# How much to feed??



## Narny (Sep 8, 2010)

I was planning on feeding orjiens LBP and today when I went looking at the label I found that its feeding lbs starts at 55 lbs.

So that leads me to wonder... should orjiens lbp be for German Shepherd puppies? I mean, how much does an 8 week old German Shepherd weigh? 

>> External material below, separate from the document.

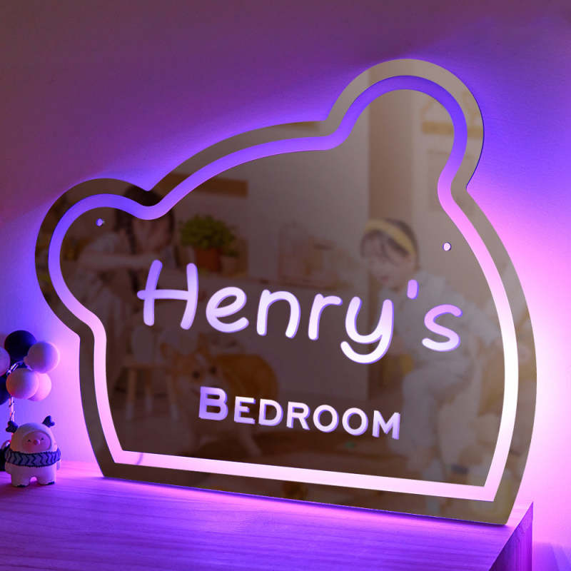 Custom Name Mirror Light Funny Children's Bedroom Bear Gift

And my main question was how many scoops should I feed?


----------



## Cassidy's Mom (Mar 30, 2003)

The Orijen LBP feeding guide is based on the current age of the pup and the estimated adult weight. So if you have a 1-1/2 to 3 month old puppy that should end up between 60 and 80 pounds as an adult, the feeding guide says 2-1/2 to 3 cups a day: Puppy Large Feeding

That's where I'd start, but I always do frequent rib checks by running my hand down their side to see if I can still feel the ribs easily but that they're not too prominent. Too skinny, I increase the food a little, too chunky, I cut it back a little. It's not rocket science, no need to overthink it, but with the rapid growth of the first few months you may find that you need to do minor adjustments in quantity pretty often.


----------



## doggiedad (Dec 2, 2007)

i've never fed puppy food to my dogs. i feed
1 cup in the am, 1 cup noonish and 1 cup in the pm
with snacks throughout the day. you'll figure out
what's works best for your pup.


----------



## Narny (Sep 8, 2010)

Cassidy's Mom said:


> The Orijen LBP feeding guide is based on the current age of the pup and the estimated adult weight. So if you have a 1-1/2 to 3 month old puppy that should end up between 60 and 80 pounds as an adult, the feeding guide says 2-1/2 to 3 cups a day: Puppy Large Feeding
> 
> That's where I'd start, but I always do frequent rib checks by running my hand down their side to see if I can still feel the ribs easily but that they're not too prominent. Too skinny, I increase the food a little, too chunky, I cut it back a little. It's not rocket science, no need to overthink it, but with the rapid growth of the first few months you may find that you need to do minor adjustments in quantity pretty often.


Oh I see! lol I completely misunderstood how to read that! 

Thank you both.


----------